Segment Start: DATA IN THIS EXERCISE
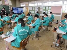 少人数で実施していました。本文中の単語の意味を確認したり、本文を読んだりしていました。
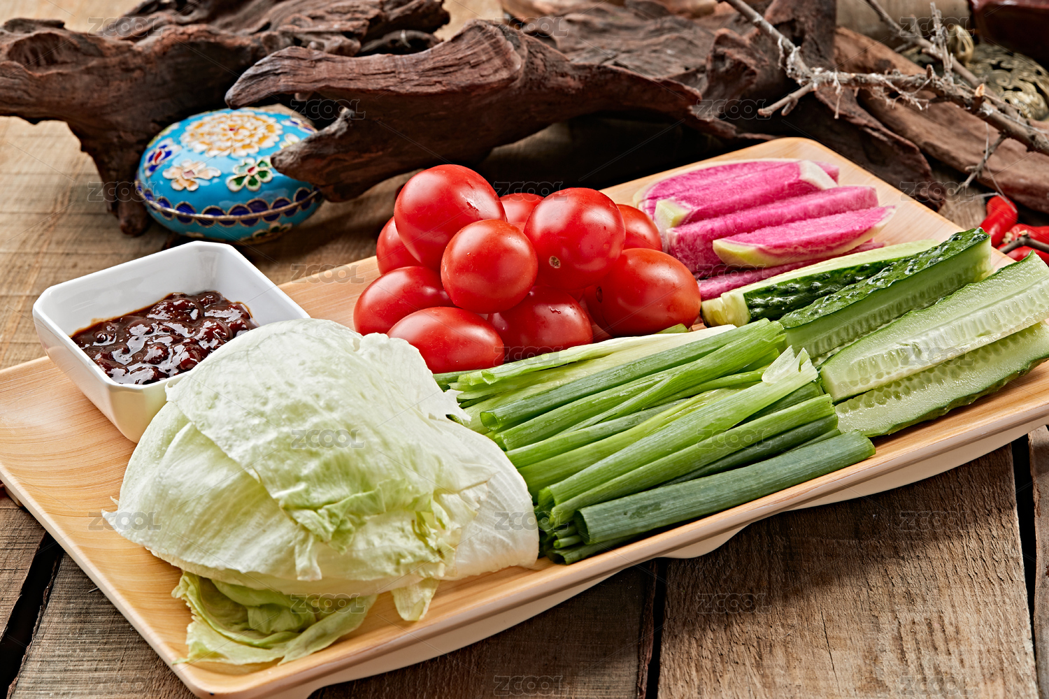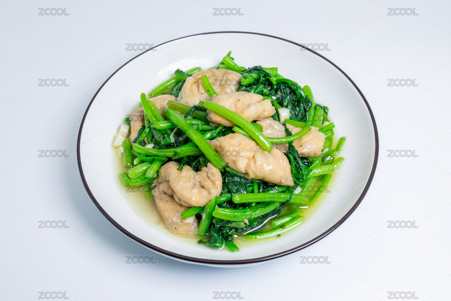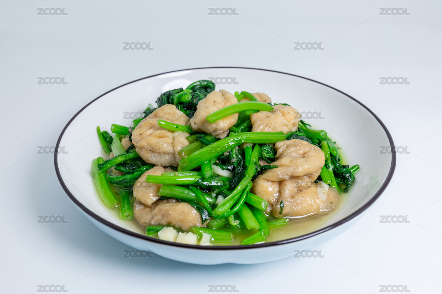 白色瓷盤裝的澆汁時蔬山藥大拉皮
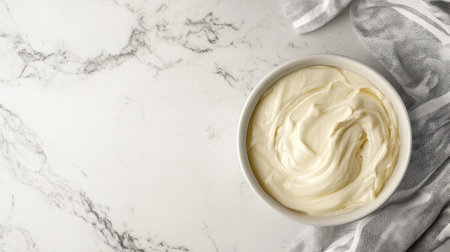 A bowl filled with smooth and creamy white frosting rests on a marble countertop, creating an elegant display for any baking project or dessert creation in a stylish kitchen setting.
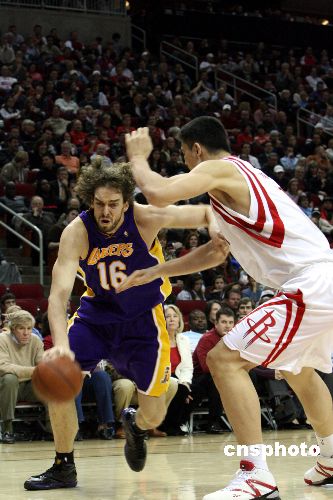 圖為姚明防守湖人隊加索爾。中新社發(fā) 歐文 攝
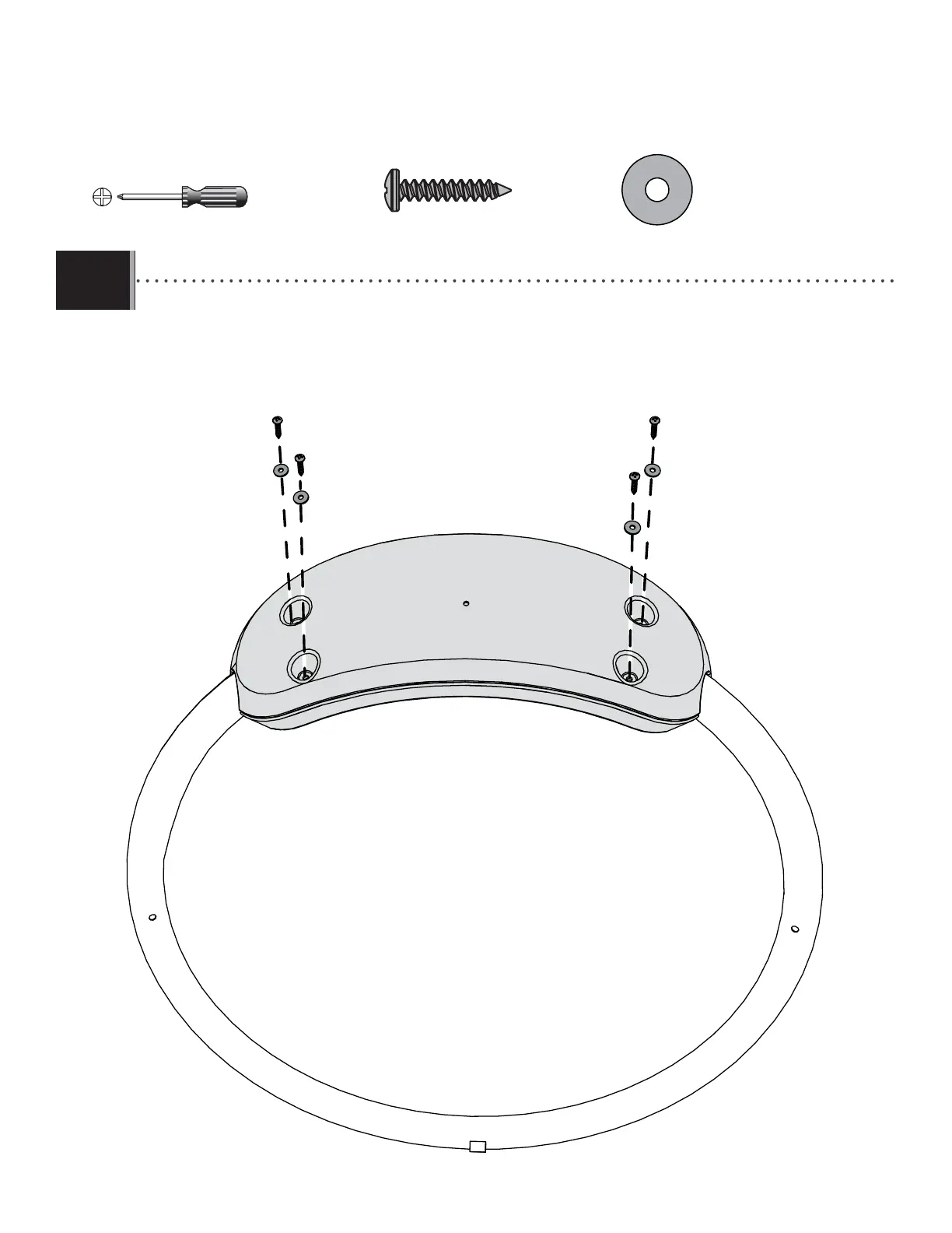 • Attach the top foot rest (GOF) and the bottom foot rest (GOG) onto the ring support (GNX) with the hardware indicated.
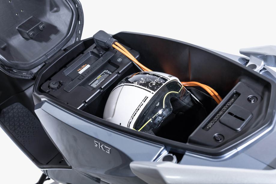 Ispod sjedala se nalazi veliki pretinac za pohranu koji može prihvatiti kacigu, ruksak ili dnevne potrepštine a time rješava probleme na svakodnevnim putovanjima. Nosivost električnog skutera na ravnoj cesti je do 150kg, a masa samog skutera je oko 85kg.
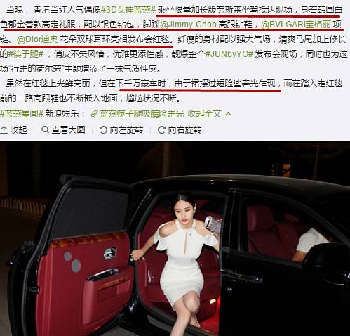 出席活动,通稿都是下面这样的,生怕别人不知道她穿的多华丽。关键是,这样的通稿都是出自她自己的工作室之手。
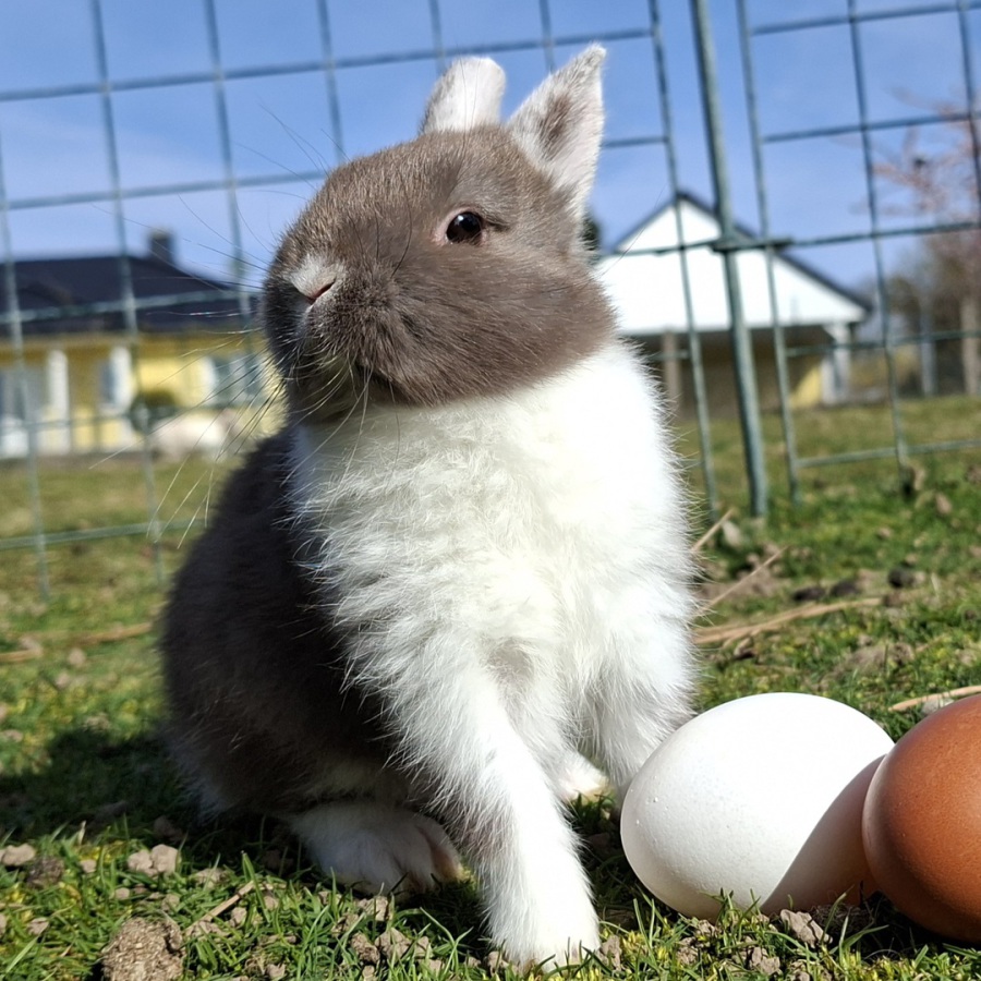 Rasse: Farbenzwerg blau mit weißen Abzeichen
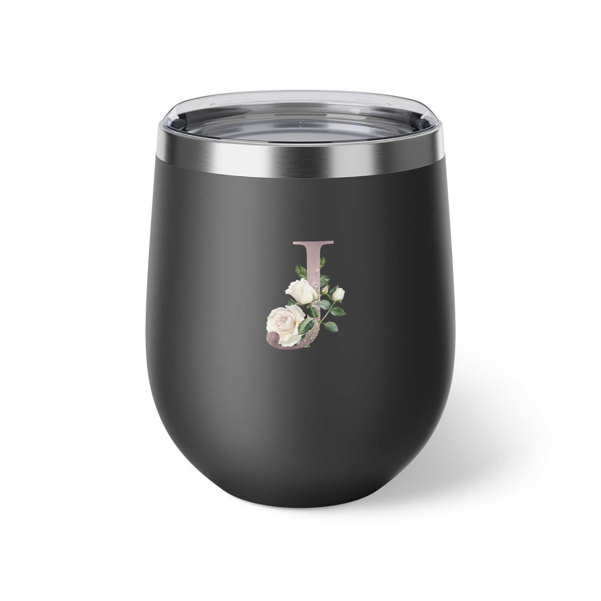 Letter J - Personalized Romantic White Rose Copper Vacuum Insulated Cup, 12 oz – Perfect for Weddings
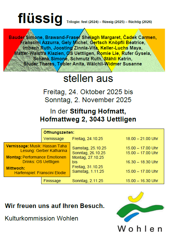 Die alljährliche Ausstellung der Kulturkommission findet dieses Jahr vom Freitag, 24.10.2025 bis Sonntag, 02.11.2025 zum Thema "flüssig" statt.
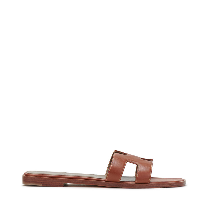 فشن تابستان پوست گاو قهوه ای زنانه صندلی های صاف با H سوراخ بالا
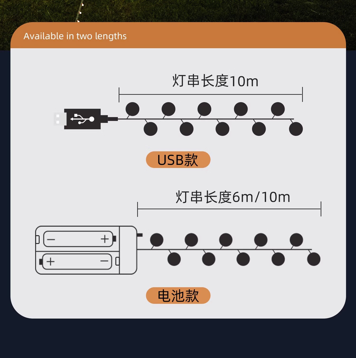 买之前一直纠结长度,不过幸好还是选择了10m,长度正好够围绕帐篷,氛围感拉满。买的电池款,使用起来很方便,收纳也比较容易,还不错
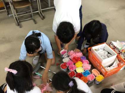 仲間と協力して委員会活動を行っています。環境美化委員会が、再利用できるものを使いやすく整理してくれています。エコな気持ちが前山小学校に広がっていってほしいです。
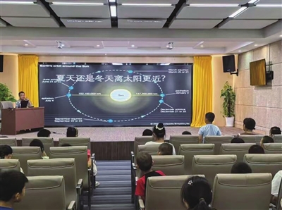 接着,孙正凡从节气的天文来源,节气的作用,节气和星座、农历、现代科学三个维度,向假日学校的40多名中小学生代表娓娓道来,述说着二十四节气的前世今生,以及它的独特魅力和在现实生活中的积极作用与影响。
Segment End: DATA IN THIS EXERCISE
→ **TO DO**: What the answer must hold is the exact text of every line from the one containing "买之前一直纠结长度,不过幸好" through the end of the data, minus any pictures.

→ **EXPECTED OUTPUT**:
 买之前一直纠结长度,不过幸好还是选择了10m,长度正好够围绕帐篷,氛围感拉满。买的电池款,使用起来很方便,收纳也比较容易,还不错
 仲間と協力して委員会活動を行っています。環境美化委員会が、再利用できるものを使いやすく整理してくれています。エコな気持ちが前山小学校に広がっていってほしいです。
 接着,孙正凡从节气的天文来源,节气的作用,节气和星座、农历、现代科学三个维度,向假日学校的40多名中小学生代表娓娓道来,述说着二十四节气的前世今生,以及它的独特魅力和在现实生活中的积极作用与影响。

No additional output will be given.